I was going to say they're synonymous; checked Wiktionary which calls it 'nonstandard' for sliver, though common in the UK (where I am from and live) blaming 'th fronting'.
I assume that's the name for, ahem, 'that is just anovver word for it'.
I didn't know either, I only really checked because I was curious if they had a completely different etymology and only happened to be spelt^ and used similarly.
(^or if, like spelt and spelled, the same root had just come to be used in two ways for the same.)
So, note to self, slither is not a noun! (Except to mean limestone rubble apparently, but I think I can ignore that.)
In American English, "slither" is more frequently associated with the movement of snakes, specifically. A snake "slithers" by "moving smoothly over a surface with a twisting or oscillating motion." [0]
Not sure why it's a flag. We have lots to learn from how science was done in the past, and from the actors who did science.
Recent science is pretty objectively at a low point (proportionally to overall) in "breakthrough innovation" research. It's possible that specialization is to blame, as it reduces intersectionality of fields.
Scope issues, mostly. I'm left unsure of what products to expect, so I'm less likely to follow up/check in later on. A lot of time is spent on the analogy, too, which may mean there's not much substance to say yet. It may have been worth waiting to announce until they had something specific to present. I don't know! I'm just an outsider/random person's perspective.
Past success... at what?

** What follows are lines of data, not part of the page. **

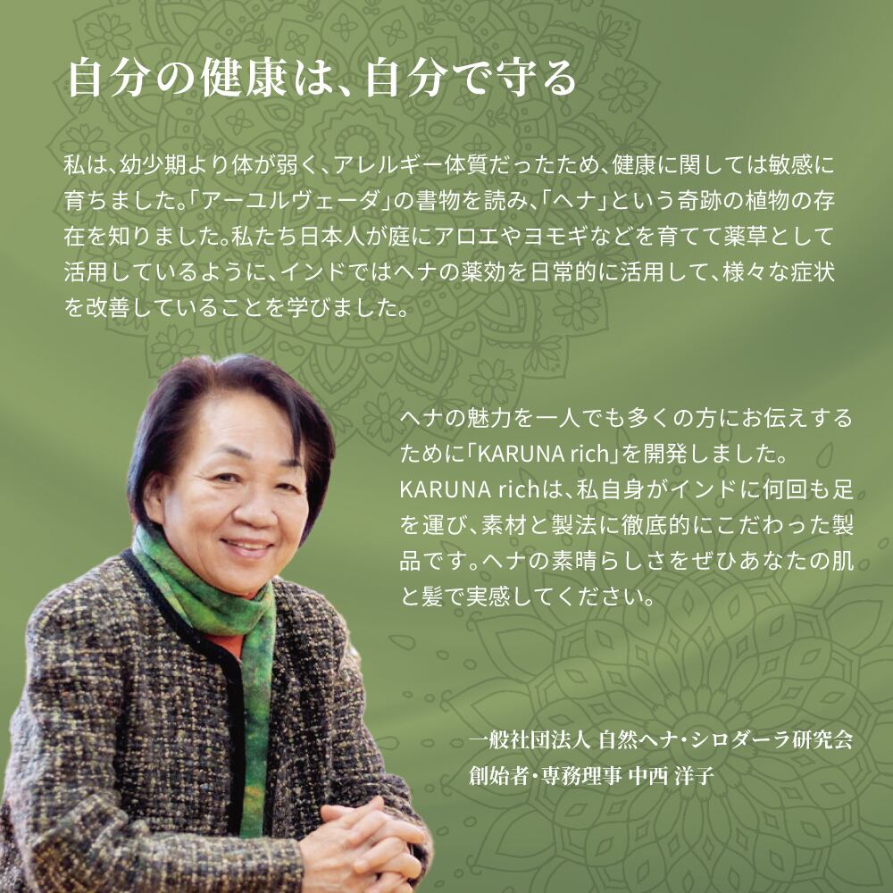 水、ココイルグルタミン酸、ココイルグリシンK、ココイルタウリンNa、ラウロミドプロピルベタイン、オリーブ油、スクワラン、アポガド油、ローズマリー葉エキス、ヒアルロン酸Na、ヘンナ、ニームエキス、アムラエキス、タカサブロウエキス、オタネニンジンエキス、ハトムギエキス、褐藻エキス、ベルガモット油、BG
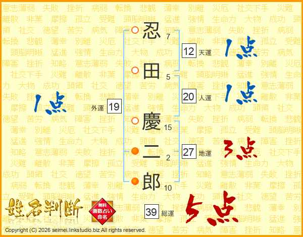 忍田慶二郎さんの総運は39画の5点!
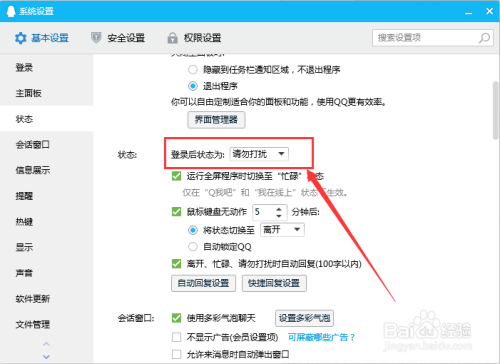 在根基設置頁面,選擇登錄后狀況為請勿打攪。
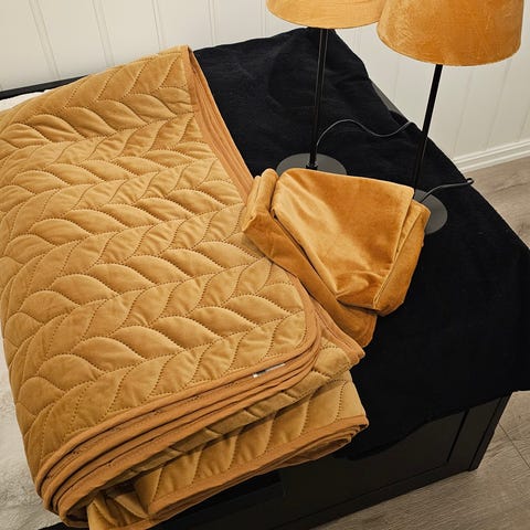 Nydelig sengeteppe (250 x 230 cm) i dus brun fløyel. Passer til dobbelseng. Lite brukt, liten slitasje siden det har vært i et feriehus.
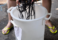 What a wonderful film festival! I was there for 4 days and gave a 2 days workshop. BILDRAUSCH about me: Now, Dagie Brundert is visiting Bildrausch and during a 2-day workshop (22 and 23 June 2017) she will not just introduce us to the art, fun and poetry of Super-8 filmmaking, but will also develop the films with the participants. Instead of using toxic chemicals, she will use Rhine water, flower petals, soluble coffee, vitamin C powder and washing soda. The result is a black and white negative film, which Tweaklab will convert into a digital positive. The works of the 6 participants will then be projected to the beats of the final party.” Thank you for being part of it: Adrian, Anna-Daphne, Christian, Sebastian, Silvan and Vera! |
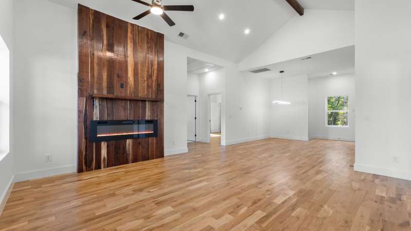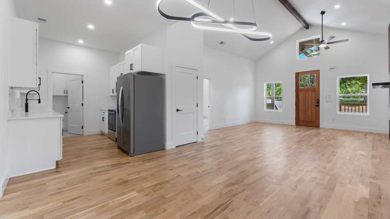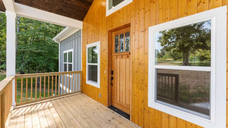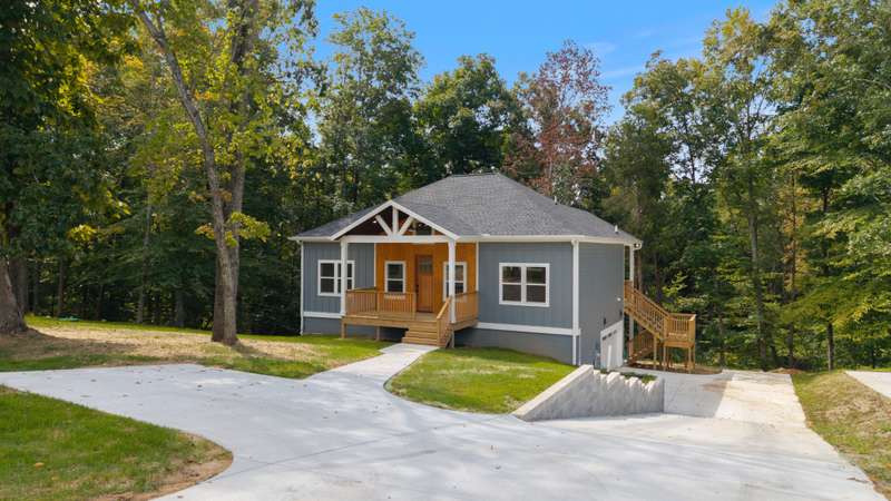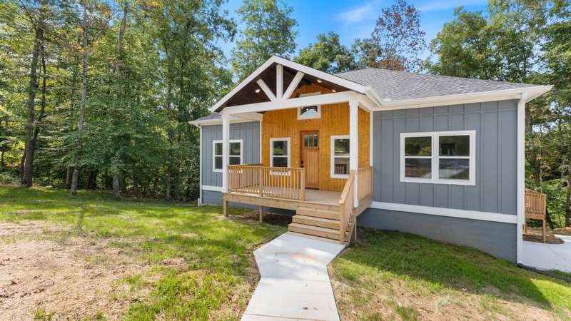 New Construction Approx. 2174 sq. ft. 3 bedroom, 2 bath home located walking distance to Normandy Lake. Home features an open concept living area with Oak hardwood and tile flooring, 10 ft ceilings and Accent wall with electric fireplace. Master bedroom has walk-in closet with custom built-in shelves. Master bath has double sink vanity, walk-in tile shower with glass door and large linen closet. The main level also includes two additional bedrooms and a second bath. Basement level includes a 19x29 Rec room/multipurpose room and oversized 2 car garage with large work area and additional storage. Peaceful country living on a 2 acre wooded lot is enhanced with the addition of a Covered front porch, covered back deck and covered patio all with ceiling fans and lighting . Located on a dead end street walking distance to Firelake boat ramp on Normandy Lake.
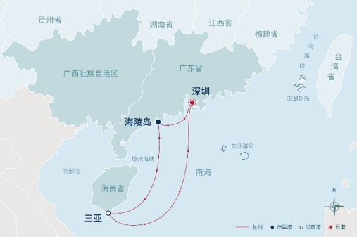 2023年航线之一“魅力南海之旅”(深圳-阳江海陵岛-三亚-深圳)将从鹏城深圳一路南下,带领宾客前往阳江探寻宋代沉船奥秘,穿梭三亚感受椰风海韵,随后返回深圳。
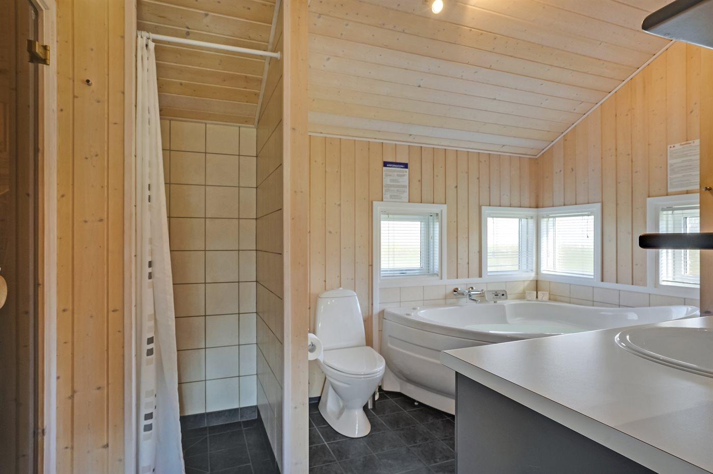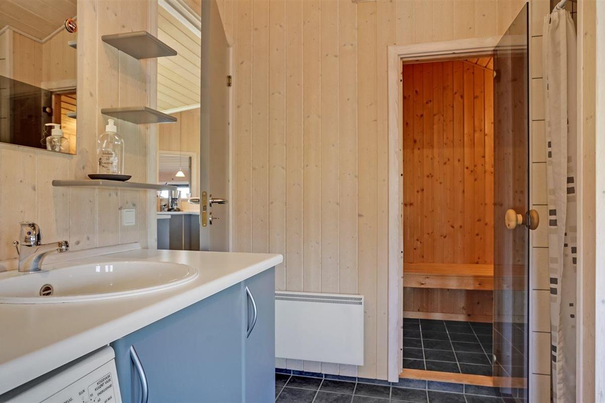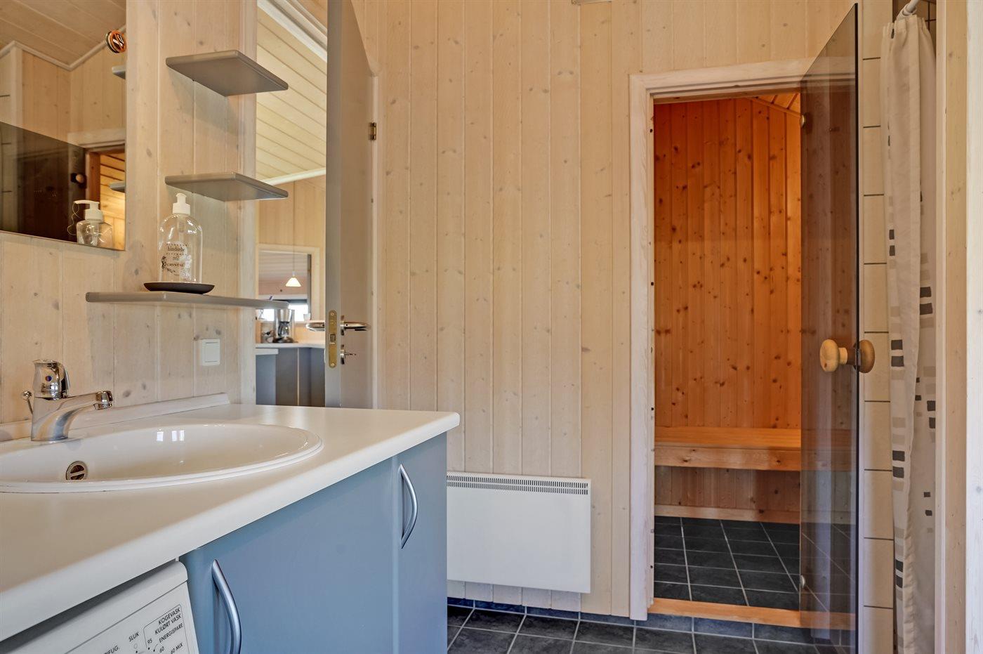 Er is 2 badkamers met douchehok en 2 toiletten. Er is vloerverwarming in 2 van de badkamers. De sauna biedt de gelegenheid tot ontspanning.
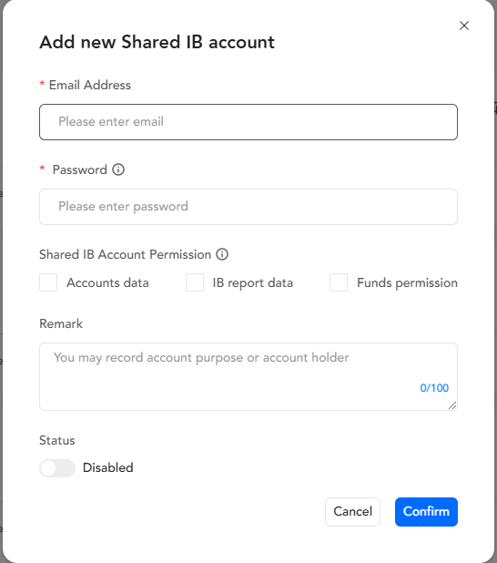 Introducing Broker can choose whether to share their account data, IB report data and funds permissions. Toggle "Enabled" to activate sharing, then click "Confirm".

The relevance of past success is likely a lot narrower than you may think. Neither person here has "past success" at pushing a vague idea-less organization through to value and profitability. In fact, I would wager both would caution against such an idea, absent their personal involvement.
While Faraday discovered induction, wasn't it Maxwell that unified electricity and magnetism? Given what answer.ai is attempting to do, Edison seems like a great example since he was both a brilliant inventor and an absolutely shrewd businessman.
I am excited for more research in this area, since there is currently a huge gap between foundational model research and practical applications of AI.
as someone guilty of the same - it makes your startup grander than it seems by tracing lineage from greater historical figures to yourself. of course most of these comparisons are overinflated... but you need to be a little ambitious to try to start something. if you live your life without trying to be a part of history you have a much lower chance of affecting it
One thing I'm particularly keen to explore is working closely with academic groups to help support research that might help make AI more accessible (e.g. requiring less data or compute, or becoming easier to use, etc). This includes the obvious stuff like quantization, fine-tuning adaptors, model merging, distillation, etc, but also looking for new directions and ideas as well which might otherwise be hard to fund (since academia tends to like to build on established research directions.)